As a relatively young caregiver (43), I think much of my resentment and irritation often comes from the fact that I've done the marriage thing, the divorce thing, the raising the kids thing...but I've never had the opportunity to do the alone thing. I've never once lived on my own without a spouse, kids, other relatives (spouse's or mine) living with me - not once. So sometimes I feel my relatively young age and my situation as caregiver for my mom makes me resentful of the fact that I really have no life of my own. (Of course, I don't let that resentment show to mom or anyone else, but it's there, and I'm sure it's there for others as well.)
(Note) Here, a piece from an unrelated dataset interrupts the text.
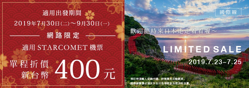 | 適用金額 | 適用於大人(12歲以上)STAR COMET票種,每個單程票價可折扣JPY1,500或者是TWD400。
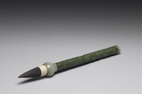 碧玉筆管,上下膠接青白色玉頂及筆斗,斗內納筆毫,青玉頂端刻太極圖案;碧玉筆管浮雕雲龍紋,雕紋深峻繁複。此器貯放於嵌玉石博古圖八方盒(故漆522)中。

I was just wondering how old other caregivers here are, and if the more mature caregivers feel as stuck and resentful as some of the younger ones.
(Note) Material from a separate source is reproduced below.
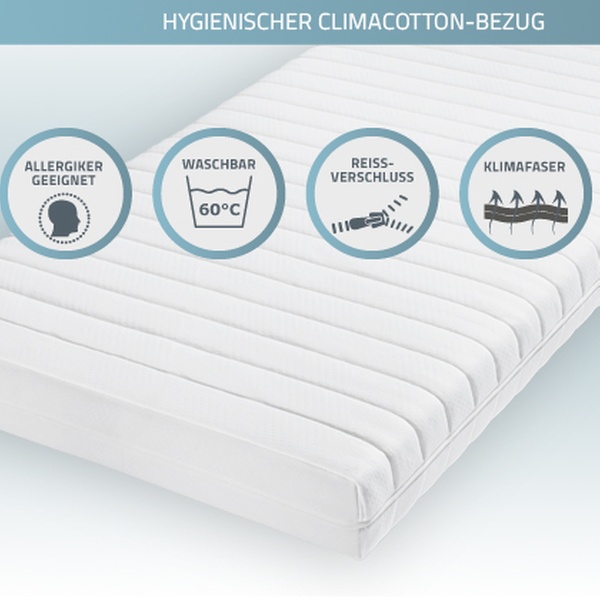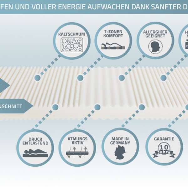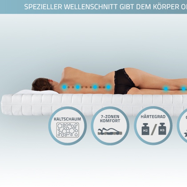 Markenmatraze mit ergonomischen 7-Zonen und Wellenschnitt, abnehmbarem waschbarem Bezug und 10 Jahre Herstellergarantie auf den Kern

Don't get me wrong - as I've said in another post, I know that like many caregivers, I put myself in this situation, and no one forced me into it. I volunteered to drop everything in my life and move in with Mom because she needed someone, and I was the only one that could do it without too much difficulty (boy, is "difficulty" a relative term!). But I thought it would be nice to see thoughts from others to get an idea of the range of ages.
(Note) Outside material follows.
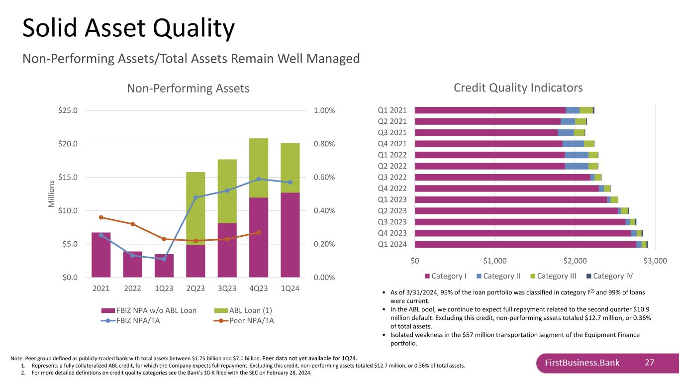 FirstBusiness.Bank27 Solid Asset Quality Non-Performing Assets/Total Assets Remain Well Managed Note: Peer group defined as publicly-traded bank with total assets between $1.75 billion and $7.0 billion. Peer data not yet available for 1Q24. 1. Represents a fully collateralized ABL credit, for which the Company expects full repayment. Excluding this credit, non-performing assets totaled $12.7 million, or 0.36% of total assets. 2. For more detailed definitions on credit quality categories see the Bank's 10-K filed with the SEC on February 28, 2024. • As of 3/31/2024, 95% of the loan portfolio was classified in category I(2) and 99% of loans were current. • In the ABL pool, we continue to expect full repayment related to the second quarter $10.9 million default. Excluding this credit, non-performing assets totaled $12.7 million, or 0.36% of total assets. • Isolated weakness in the $57 million transportation segment of the Equipment Finance portfolio. 0.00% 0.20% 0.40% 0.60% 0.80% 1.00% $0.0 $5.0 $10.0 $15.0 $20.0 $25.0 2021 2022 1Q23 2Q23 3Q23 4Q23 1Q24 M ill io ns Non-Performing Assets FBIZ NPA w/o ABL Loan ABL Loan (1) FBIZ NPA/TA Peer NPA/TA $0 $1,000 $2,000 $3,000 Q1 2024 Q4 2023 Q3 2023 Q2 2023 Q1 2023 Q4 2022 Q3 2022 Q2 2022 Q1 2022 Q4 2021 Q3 2021 Q2 2021 Q1 2021 Credit Quality Indicators Category I Category II Category III Category IV

You are right that there is a huge range of ages and situations represented here. We all have things in common, and things that set us apart.
I really appreciate it when posters fill out their profiles enough so we get a clearer picture of them. Advice for a twenty-year-old might not be appropriate for an eighty-year-old.
I am 69. I cared for my husband (dementia) in our home, for 10 years. He died about a year ago. My mother is now in a nursing home, with dementia.
take care of yourself.
ive made love and ive made babies,
lol. told ya the david coe music makes me belligerant for a week or so.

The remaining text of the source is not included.